Found the phone. At last. The mysterious strand of rectangular beads- agates.
And I just realized something: when I went on meds, it wasn't because I was depressed. I was because I could not pass my college algebra class or the Chem 111 (a 5 credit class!) and had even been having trouble with the memorization aspects of General Botany (was disappointed with the B I got, despite having been out for a month during that semester due to major surgery). I was having trouble with focusing, with my short term memory and with juggling a full course load of hard sciences, parenting 6 kids, commuting daily, and living with a bipolar boyfriend who usually woke me up by screaming at me for no particular reason.

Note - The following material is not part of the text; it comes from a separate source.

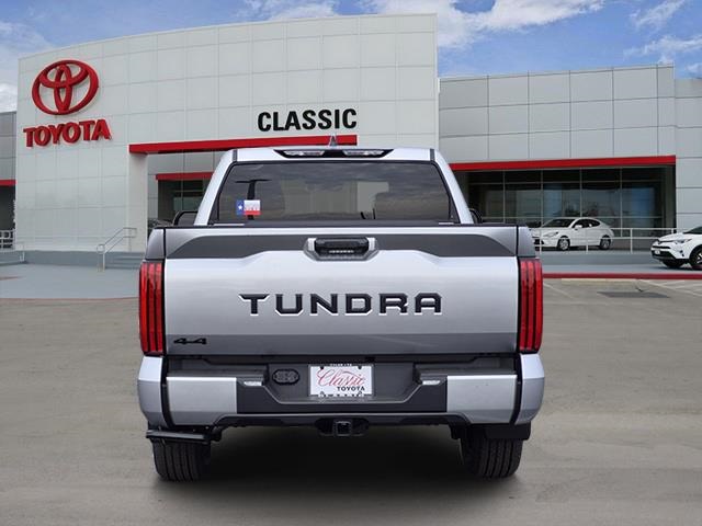 The 2026 Toyota Tundra SR5 CrewMax 4-Wheel Drive features a Celestial Silver Metallic exterior and a black interior. Powered by an i-FORCE V6 Engine, it offers a comfortable and technologically advanced driving experience. The vehicle is equipped with a range of features including automatic climate control, AWD, backup camera, fog lights, and a 10-speed electronically controlled automatic transmission with intelligence and sequential shift mode. Safety and convenience are prioritized with Toyota Safety Sense 2.5, LED headlights, and a power vertical rear window with defogger and privacy glass.

The doctor said that having trouble focusing was a symptom of depression, so he put me on an anti-depressant. I was wanting to be evaluated for ADD, but that did not happen, and I did not stand up for myself.
And look where that has gotten me. :-/
1 comment:
You are a very ungrateful person, considering all the times I woke you up with a latte served in your bed, house picked up and dishes done all before the family even woke up. Maybe you should focus on all the good things I did for your family, how tired I was from relating to someone who does not have empathy, the endless psr workers, counselors, family coordinators, guardians, ex boyfriend stalkers, threats to my life and Kleber. Not to mention endless doctor and dentist appointments. Homeschooling your teen boys. One of which did so well he skipped a grade. Two nasty custody lawsuits, and your hysterectemy. All your car accidents.
Think of the toll of all of that to me instead of only yourself, including my cumulative lack of sleep, the financial, emotional and physical toll, from you staying up late at night playing farmville, your not wanting to go to couples counseling to deal with issues you did not want to resolve. You need to learn to forgive.